EXERCISE GOAL
From the records below, please print only the lines from the one containing "[루스 같은 스타일]" through the one containing "Пиксель Плюс регулярно", both included. Skip the pictures.

GIVEN RECORDS

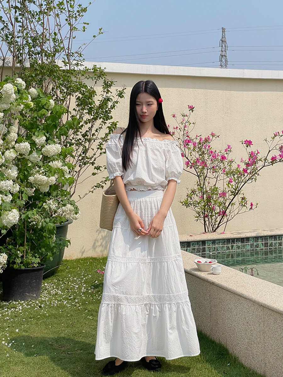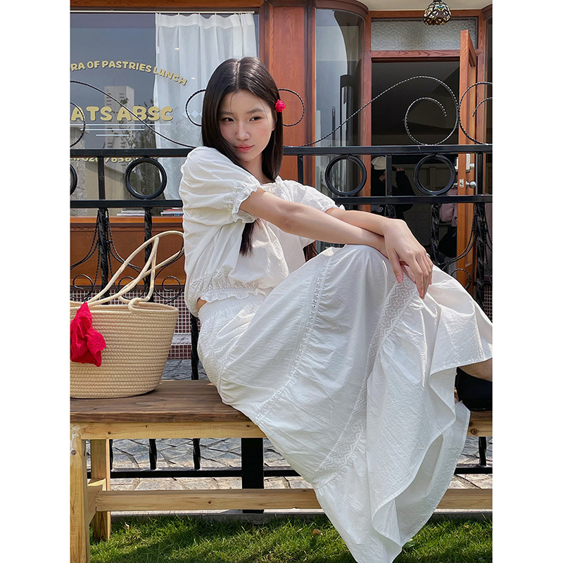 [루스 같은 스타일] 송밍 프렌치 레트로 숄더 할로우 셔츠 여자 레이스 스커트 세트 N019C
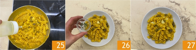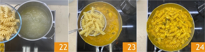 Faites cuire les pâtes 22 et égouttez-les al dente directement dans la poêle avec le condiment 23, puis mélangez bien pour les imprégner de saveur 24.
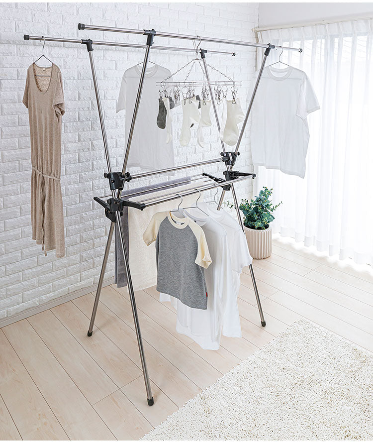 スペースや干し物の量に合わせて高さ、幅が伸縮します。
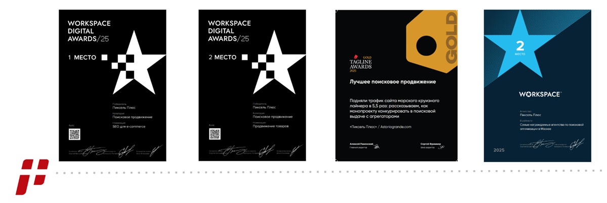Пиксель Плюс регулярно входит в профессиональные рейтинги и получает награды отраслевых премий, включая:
...
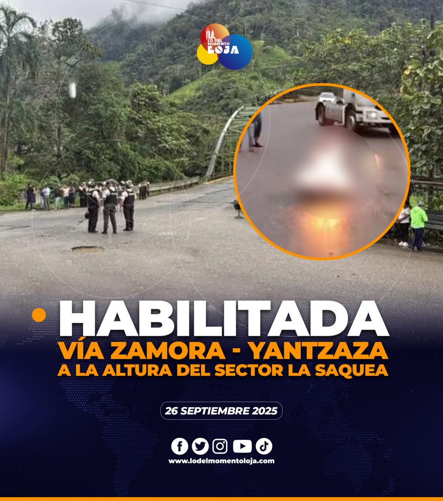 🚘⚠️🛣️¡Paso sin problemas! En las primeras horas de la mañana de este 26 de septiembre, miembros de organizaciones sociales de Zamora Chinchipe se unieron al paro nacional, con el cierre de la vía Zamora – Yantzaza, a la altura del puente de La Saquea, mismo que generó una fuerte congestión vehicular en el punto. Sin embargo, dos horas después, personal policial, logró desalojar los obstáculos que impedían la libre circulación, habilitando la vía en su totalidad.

OUTPUT FOR THIS EXERCISE
 [루스 같은 스타일] 송밍 프렌치 레트로 숄더 할로우 셔츠 여자 레이스 스커트 세트 N019C
 Faites cuire les pâtes 22 et égouttez-les al dente directement dans la poêle avec le condiment 23, puis mélangez bien pour les imprégner de saveur 24.
 スペースや干し物の量に合わせて高さ、幅が伸縮します。
Пиксель Плюс регулярно входит в профессиональные рейтинги и получает награды отраслевых премий, включая:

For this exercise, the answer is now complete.